“Mehmet!
Babasının şiirinde Memet.
Çocukluk mektuplarında Mehmet Andaç.
Bir ara Mehmet Andaç Borzecki.
Sonra Mehmet Ran, arada bir yerde Mehmet Hikmet.
Ölüm haberinde Nazım Hikmet’in oğlu.”
Ünlü birinin çocuğu olmak ne zor! Ne yaparsan yap sürekli birinin çocuğu olarak anılıyorsun, ya gölgesinde kalıyorsun ya da hatırasına sahip çıkmadın, onun yolunda gitmedin diye hain ilan ediliyorsun.
Mehmet Hikmet’in biyografisini hazırlamış Sibel Oral bize. Öyle bir hazırlamış ki galiba hayatımda hiçbir biyografiyi bu kadar sevmedim. Daha önce tanımadığım birini bu kadar anlamak istediğim hiç olmamıştı. Başlarken benim için Nazım Hikmet’in oğlu olmaktan başka birini ifade etmiyordu, sıradan biri olabileceğini gölgesinden başka bir kişiliği olacağını düşünememiştim. Şükür ki Sibel Oral gözümü açtı! Dostluğuna bayıldığımız insanların müthiş bir ilişkimiz olabilir fakat aynı zamanda bu insanlar berbat bir anne,baba ya da eş olabilirdi. Bu taraftan baktığımızda her hatırladınız kabul edebilir miyiz bu insanların?

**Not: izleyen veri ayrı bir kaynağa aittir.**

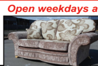
Leather and fabric sofas. Recliner sofas Beds and Bunks. Wardrobes. Many other items in stock.
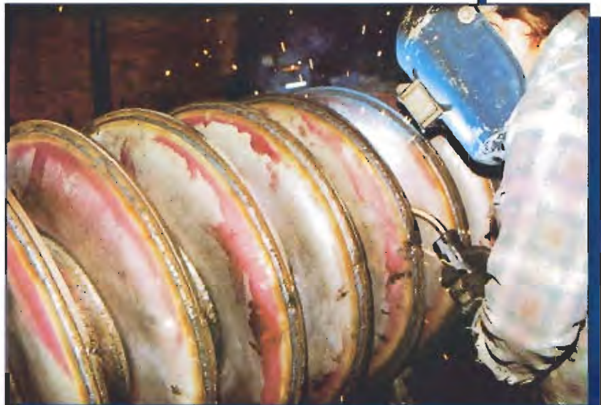
Hollow Flight Screw for Heating or Cooling Application
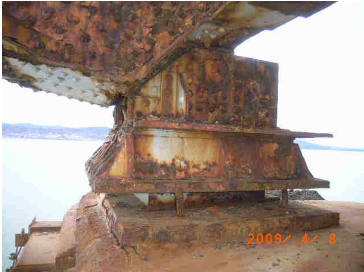
Figure 129. Span 8 at Pier 8, left truss roller bearing.
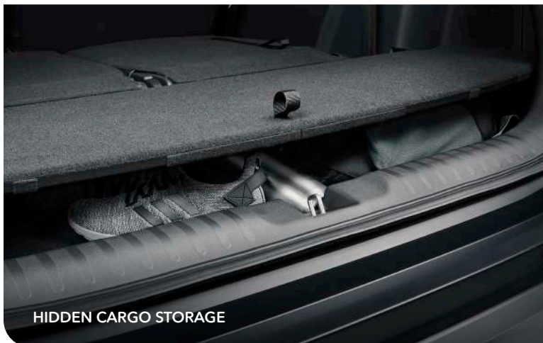
HIDDEN CARGO STORAGE
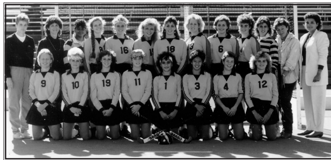
1986 NCAA Champions

21-2 Overall, 6-0 Big Ten Iowa's first NCAA Tournament, Elite Eight
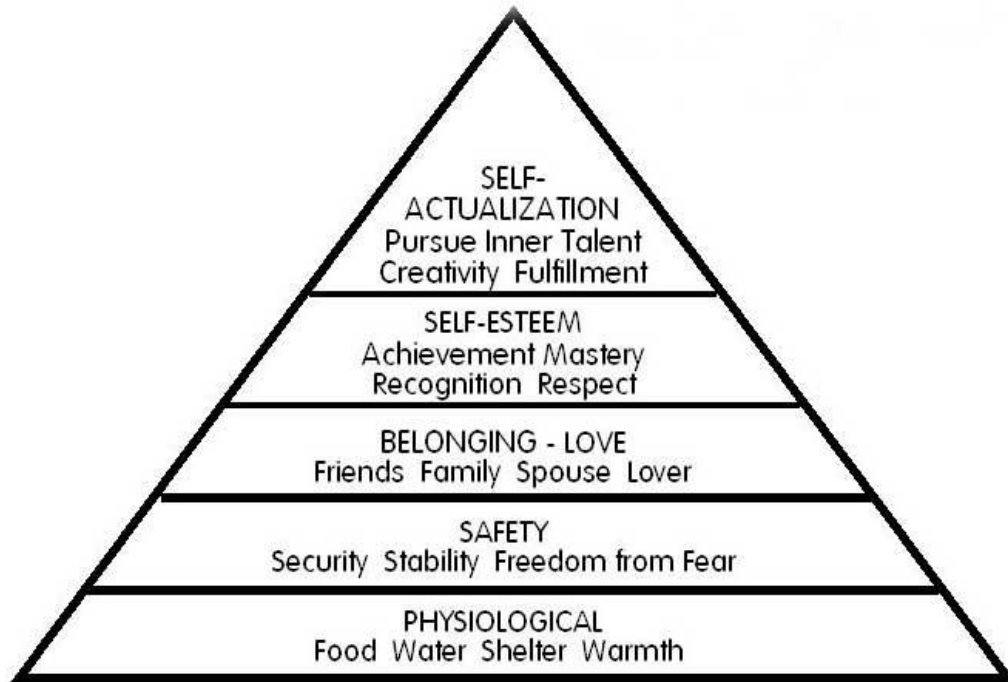
Figure 2. Maslow's hierarchy of needs
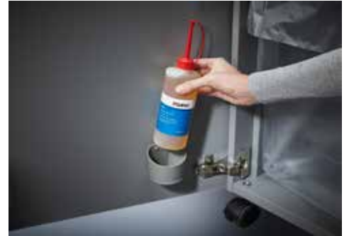
Dahle Top Secret 710air document shredder
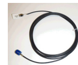
Micro Directional ESD Antenna
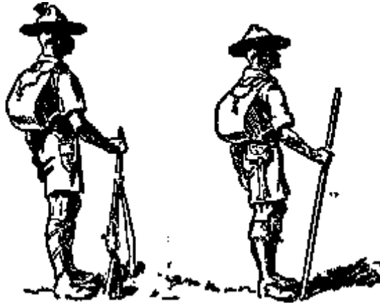
The Scout Uniform, used around the world, is very like the uniform worn by the men of the South African Constabulary.
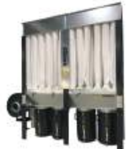
DustFX Max-5000 Dust Collector
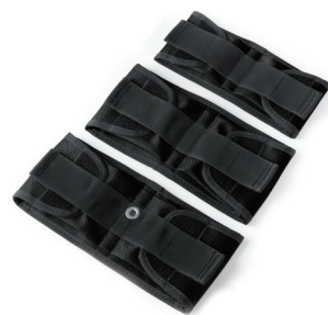
FLY Side weight pockets Black
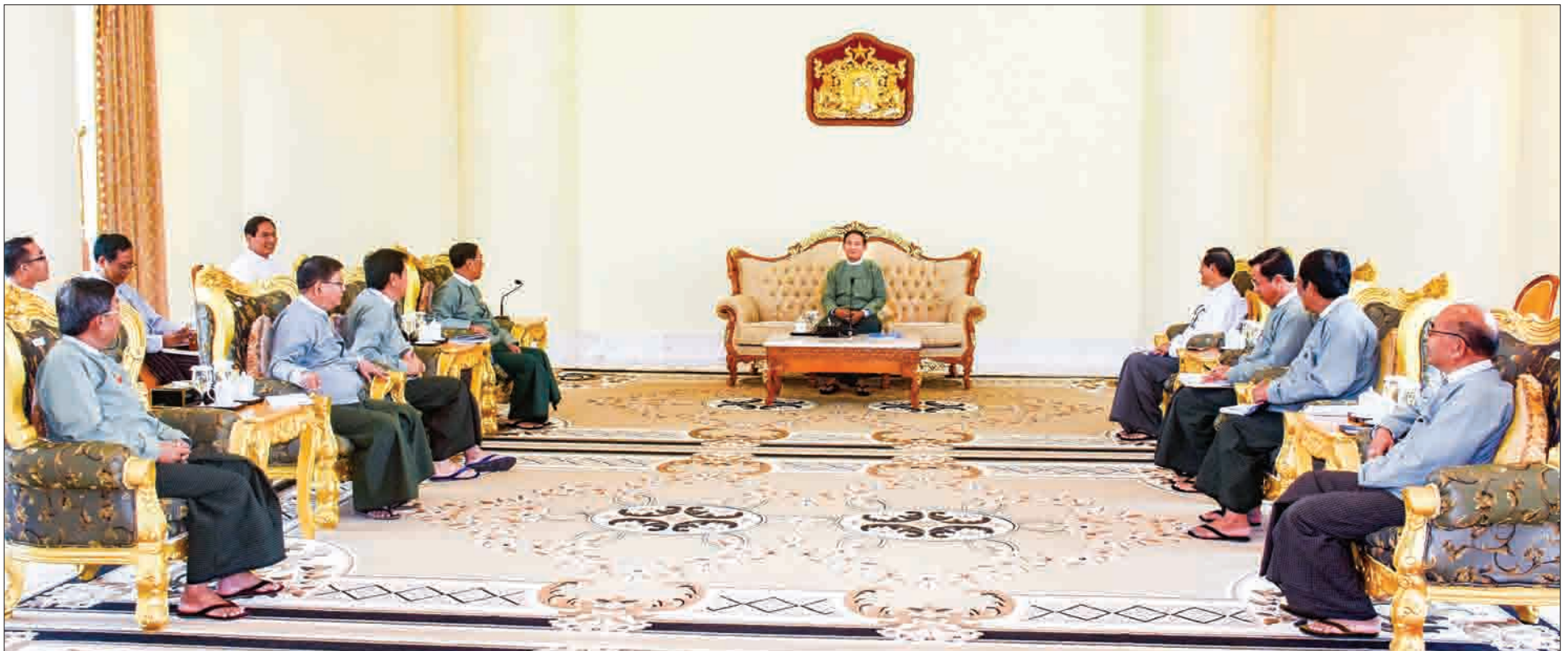
President U Win Myint, centre, meets with members of the Union Election Commission at the Presidential Palace in Nay Pyi Taw yesterday.
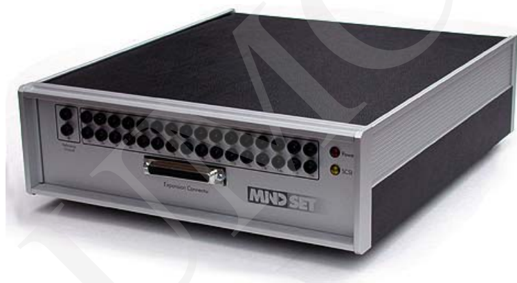
Fig. 1. Mindset MS-1000 EEG System.

MindSet MS 1000, manufactured by Nolan Computer Systems, is used as the hardware source of an EEG signal (Fig. 1). It is a real-time device containing a 16-channel analogue differential amplifier which receives signals from cap electrodes and amplifies them 32000 times. An amplified analogue signal is converted into a digital one as it goes through sample-and-hold circuits and an analogue-to-digital converter. Inside the device, there is a 32kB RAM buffer enabling it to withstand arrhythmical cooperation with a PC [9].
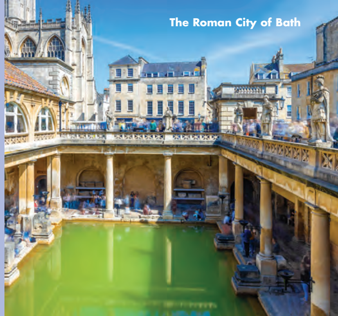
The Roman City of Bath
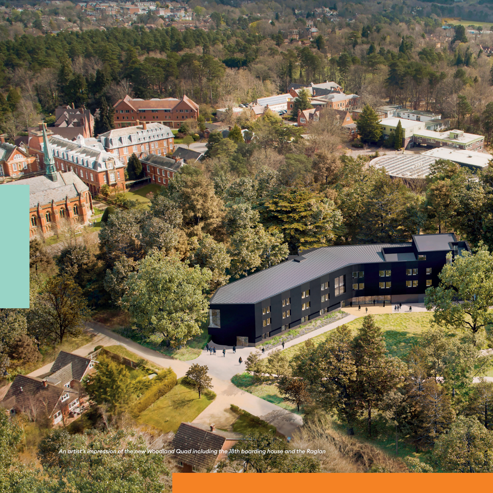
An artist's impression of the new Woodland Quad including the 18th boarding house and the Raglan
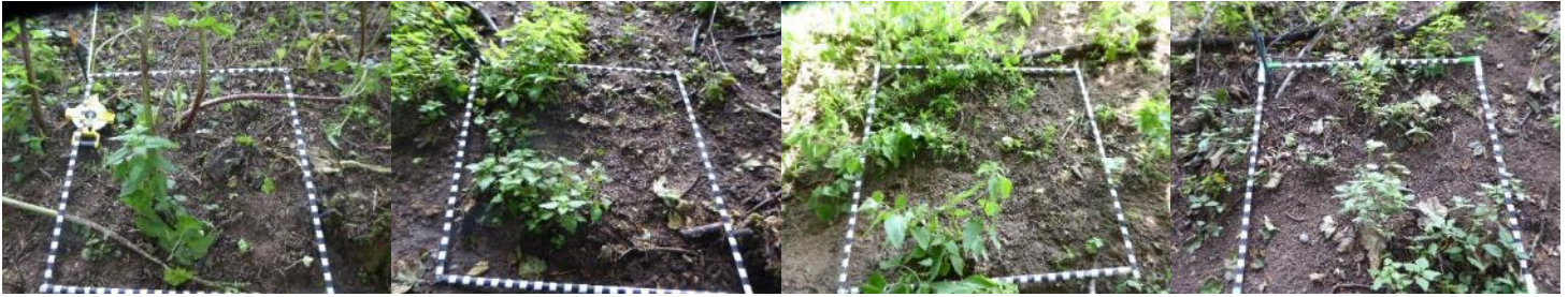
P17 – June 2019, Oct 2019, June 2020, Sept 2020
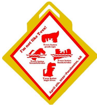
High Point Medals
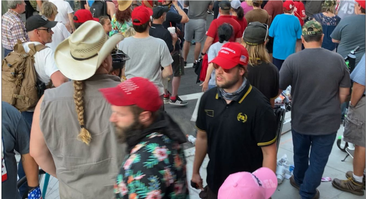
Roll out: One wears a Boogaloo shirt but not there for discourse on the 2nd amendment.
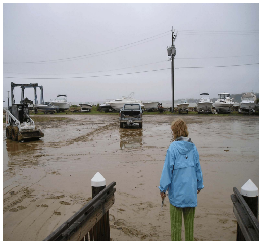
No. It's not New Orleans after Katrina ... it's Colonial Beach after Ernesto.

Our Fall membership meeting will be held at Fairfax Yacht Club on Saturday, October 21, from 2-5 pm. Remember, this is also our Chili and Dessert Cook-Off. We will be awarding 1 st , 2 nd , and 3 rd prizes in each category and the judges will be all of you.
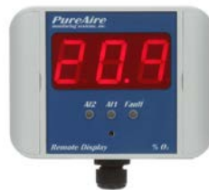
Remote Digital Display
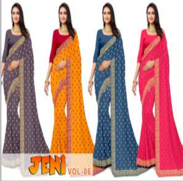
surat saree kumari silk
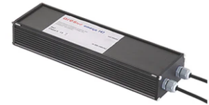
Power supply 24Vdc 50W / 120-240V IP67 Class II selv. Non Dimmable RF25755
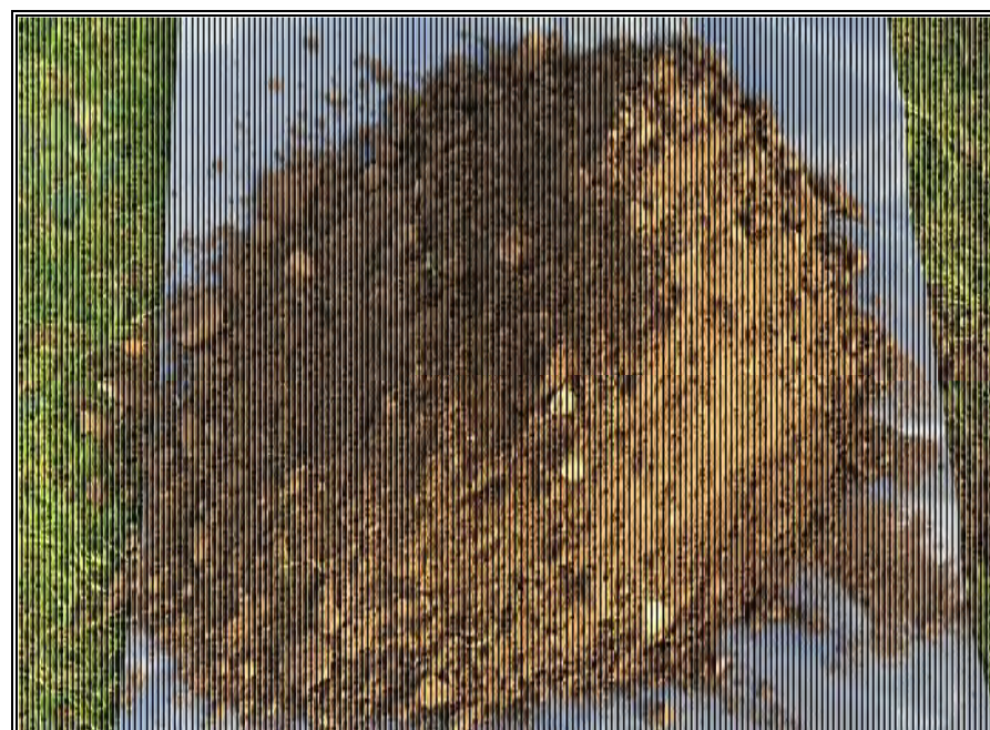
Plate 10: Profile 1 Topsoil arisings – dry friable consistency
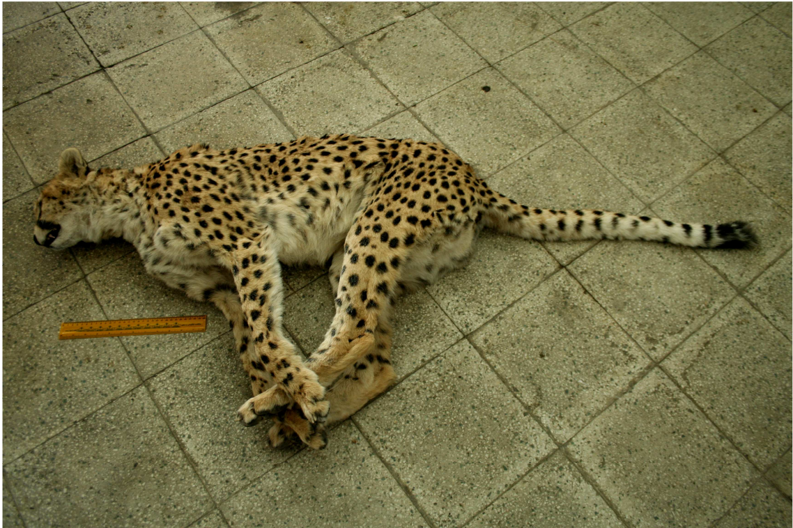
Adult female cheetah
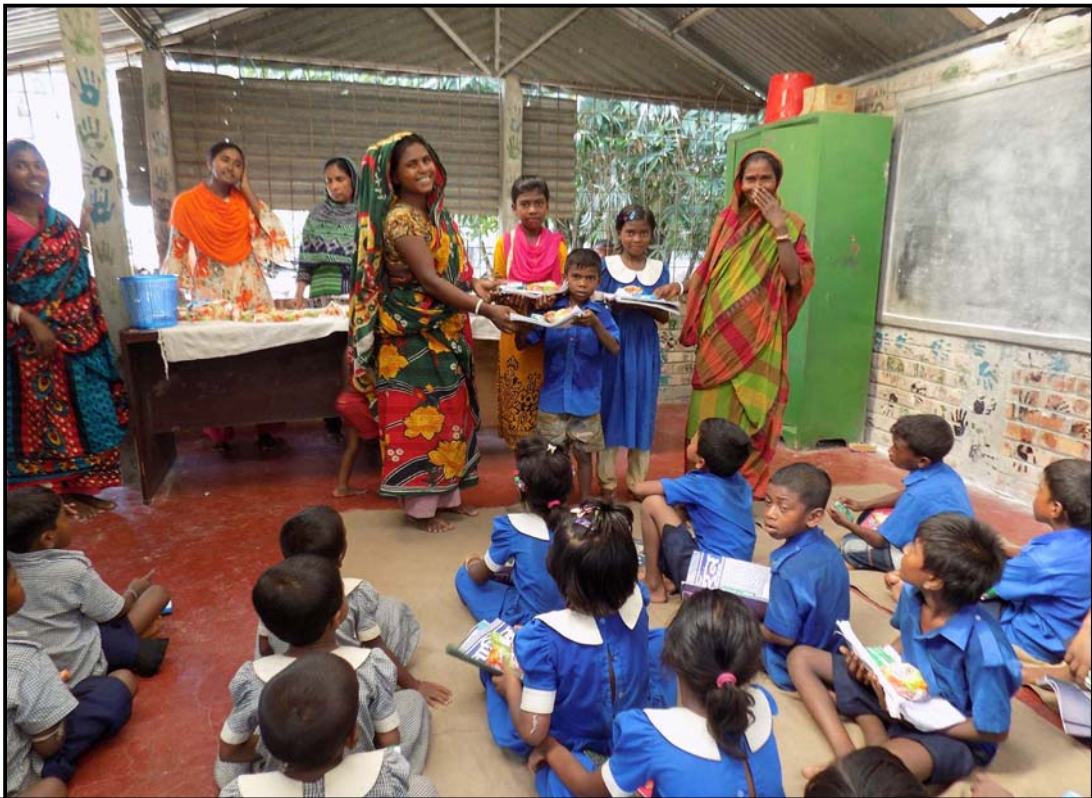
Materials distribution at Jogahati...
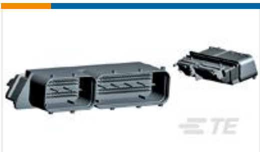
TE Part #284617-1 154pos hybrid MQS .63 header 90deg sld.
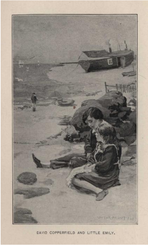
DAVID COPPERFIELD AND LITTLE EMILY.
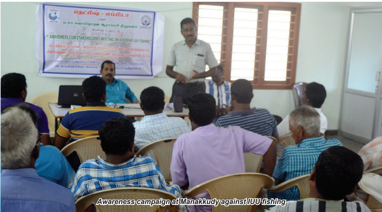
Awareness campaign at Manakkudy against IUU fishing
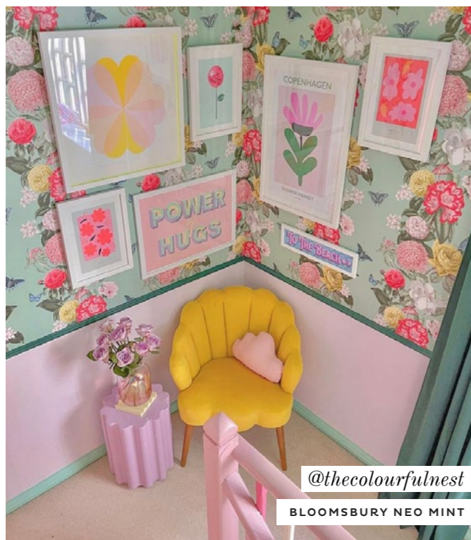
@thecolourfulnest BLOOMSBURY NEO MINT

Tag us, submit a review and become part of the Loving Home family #Grahamandbrown #Lovinghome
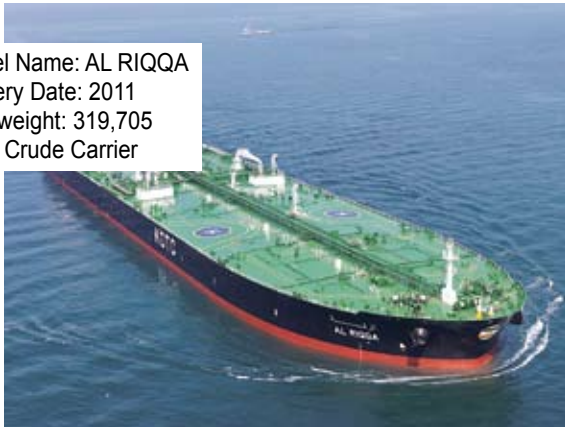
Vessel Name: AL RIQQA Delivery Date: 2011 Deadweight: 319,705 Type: Crude Carrier
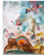
Klodin Erb A picky Bird , 2018 Acrylic and oil on canvas 60 x 50 cm ( 23-5/8 x 19-5/8 in.)
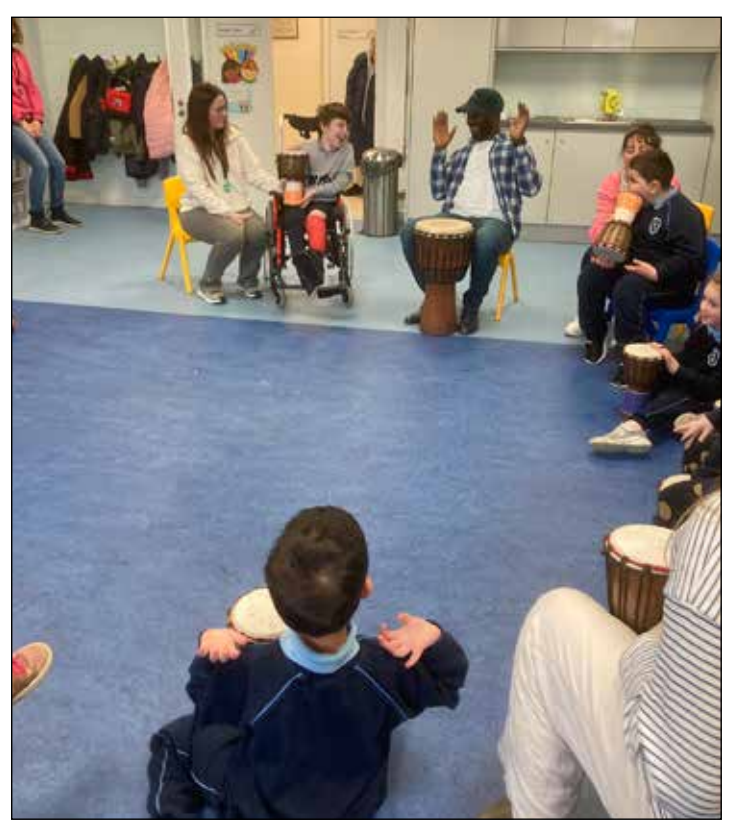
Music Workshop in Cabhair Centre
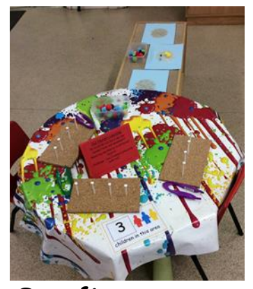
Our finger gym

Our environment consists of several areas, which provide opportunities for both inside and outside learning. Each area provides different learning experiences and challenges for the children to access.
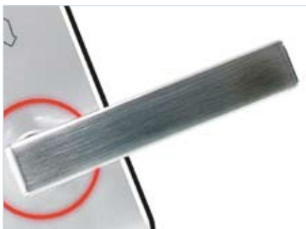
Aesthetic Lever Handle Design
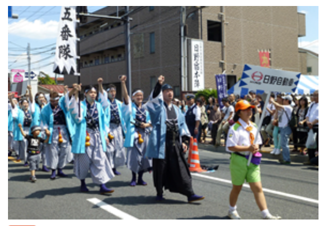
NEW Hino Motors Ltd. participates in the Hino Shinsengumi Festival held in Tokyo as an official member of the volunteer council
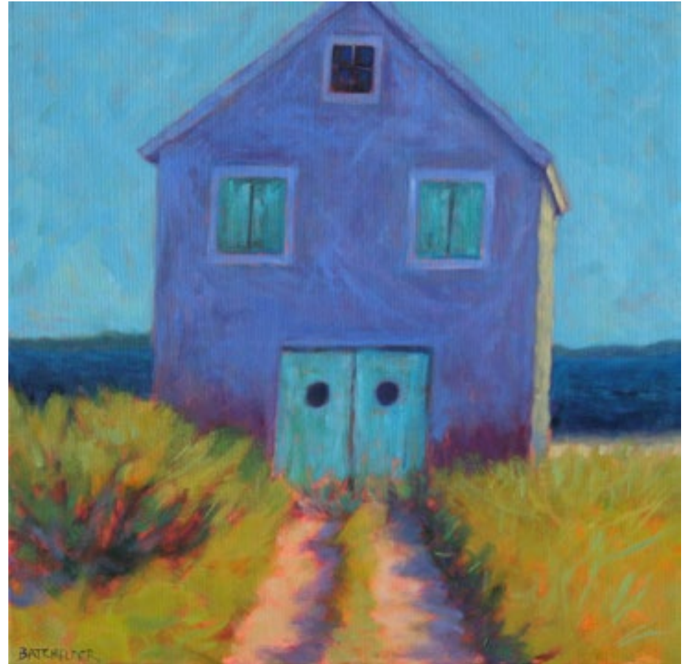
“Beside the Sound” 20”x20” oil on canvas

Hep babasından bahsettim bir de annenin oğlu değil mi bu Mehmet. Sevgili Münevver Andaç’ın da oğlu. Nazım diyince akla gelmeyen bir hanımefendinin. Sibel Oral Mehmet’in sofrasından başlıyor satırlarına ve uçuyor ona doğru. Doğumundan, ülkeden kaçışına, babasıyla ilk buluşmasının aslında bir ayrılığın başlangıcı olmasından, babasının şiirinden sıyrılmasına… Eşinden, dostundan, berberinden, yaşadığı bir şehirden ya da bir ağaçlar hepsine kalemini dokunduruyor Oral.